[Opening SUPPLIED DATA section]
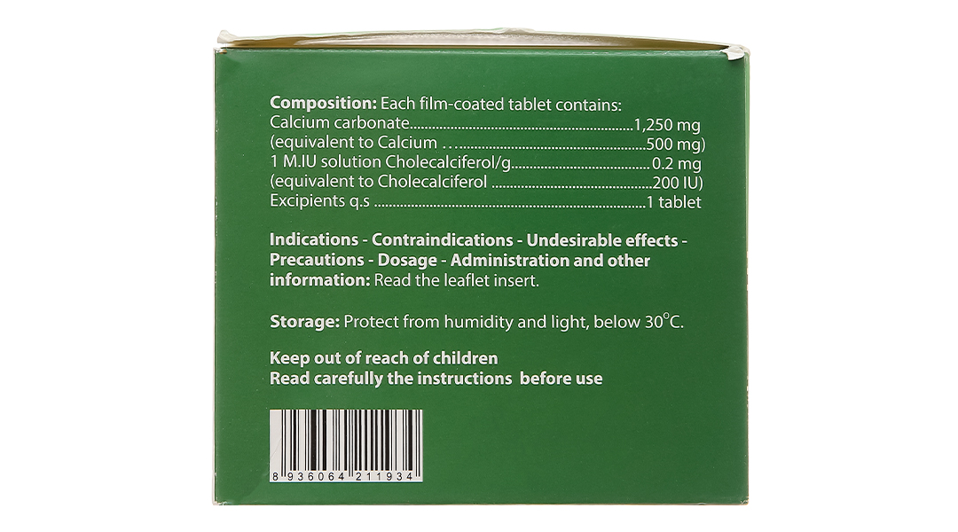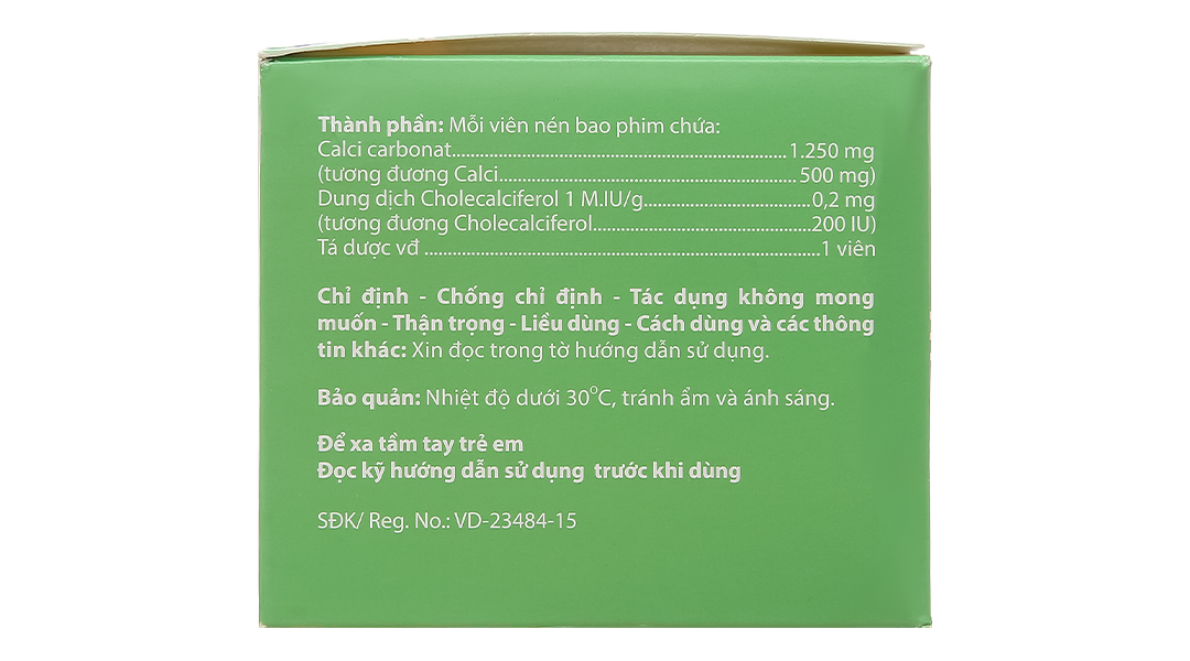 Hoạt chất: Calci carbonat 1.250mg (tương đương Calci 500mg), Dung dịch Cholecalciferol 1 M.IU/g 0,2mg (tương đương Cholecalciferol 200 IU).
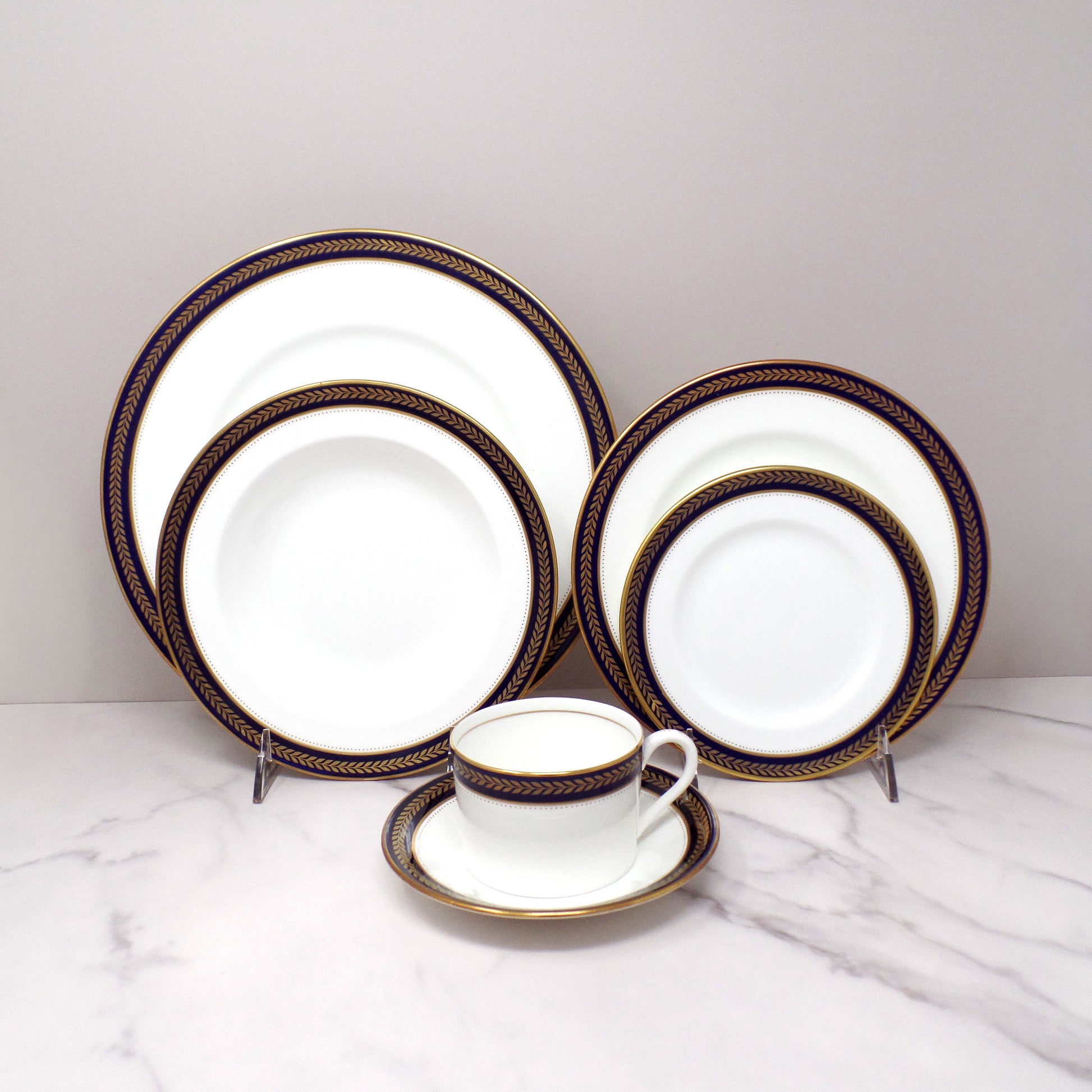 Elegant vintage Coalport bone china Blue Wheat 6-piece place setting. Vibrant and deep cobalt blue band with gold edging and pattern. Includes one each of dinner plate, rimmed soup bowl, salad plate, bread & butter / dessert plate, flat cup, and saucer. Made in England in the time period of 1972-93. In very good vintage condition.
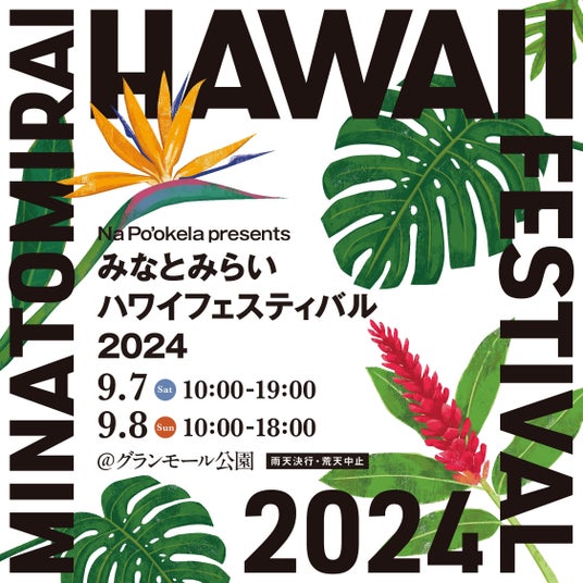 本年9月、世界最高峰のフラ競技会「メリーモナークフェスティバル」の優勝者、入賞者によるイベント「Nā Po‘okela (ナーポオケラ=ハワイ語で「最上級」「Best」の意)」がぴあアリーナMMで開催されることに合わせ、横浜みなとみらい地区のグランモール公園を中心に、誰でも無料で楽しめる「みなとみらいハワイフェスティバル2024」を2024年9月7日(土)、8日(日)に開催します。
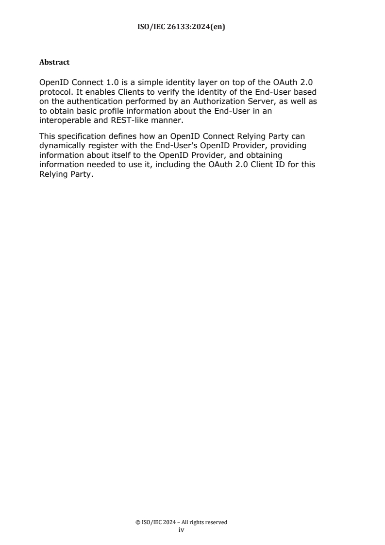 ISO/IEC 26133:2024 is a standard published by the International Organization for Standardization (ISO). Its full title is "Information technology - OpenID connect - OpenID connect dynamic client registration 1.0 incorporating errata set 2". This standard covers: OpenID Connect 1.0 is a simple identity layer on top of the OAuth 2.0 protocol. It enables Clients to verify the identity of the End-User based on the authentication performed by an Authorization Server, as well as to obtain basic profile information about the End-User in an interoperable and REST-like manner. This document defines how an OpenID Connect Relying Party can dynamically register with the End-User's OpenID Provider, providing information about itself to the OpenID Provider, and obtaining information needed to use it, including the OAuth 2.0 Client ID for this Relying Party.
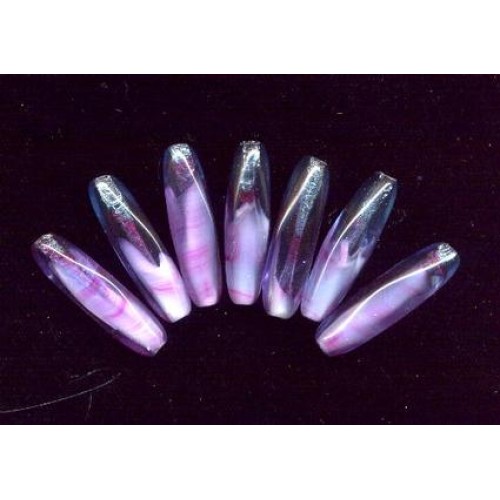 7 very beautiful focal beads measuring 25mm x 7mm. Lovely colors of lilac, white and blue.
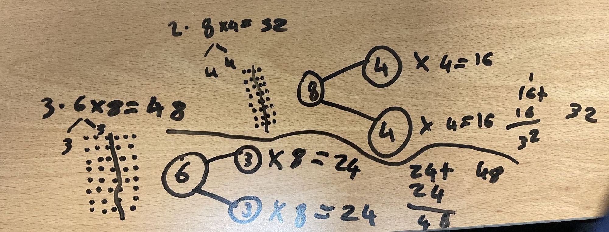 Wrens are working very hard at mastering their times tables. While we need to practise our quick recall of times tables facts, we have also been learning about the associative and distributive laws of multiplication. We worked in pairs to apply the distributive law to solve multiplications which we do not yet know mentally.
[Closing SUPPLIED DATA section]
§ YOUR ASSIGNMENT: Could you write out exactly the lines of the data above that run from the one holding "ISO/IEC 26133:2024 is" to the one holding "7 very beautiful", with both ends in and all pictures out?

§ TASK OUTPUT:
 ISO/IEC 26133:2024 is a standard published by the International Organization for Standardization (ISO). Its full title is "Information technology - OpenID connect - OpenID connect dynamic client registration 1.0 incorporating errata set 2". This standard covers: OpenID Connect 1.0 is a simple identity layer on top of the OAuth 2.0 protocol. It enables Clients to verify the identity of the End-User based on the authentication performed by an Authorization Server, as well as to obtain basic profile information about the End-User in an interoperable and REST-like manner. This document defines how an OpenID Connect Relying Party can dynamically register with the End-User's OpenID Provider, providing information about itself to the OpenID Provider, and obtaining information needed to use it, including the OAuth 2.0 Client ID for this Relying Party.
 7 very beautiful focal beads measuring 25mm x 7mm. Lovely colors of lilac, white and blue.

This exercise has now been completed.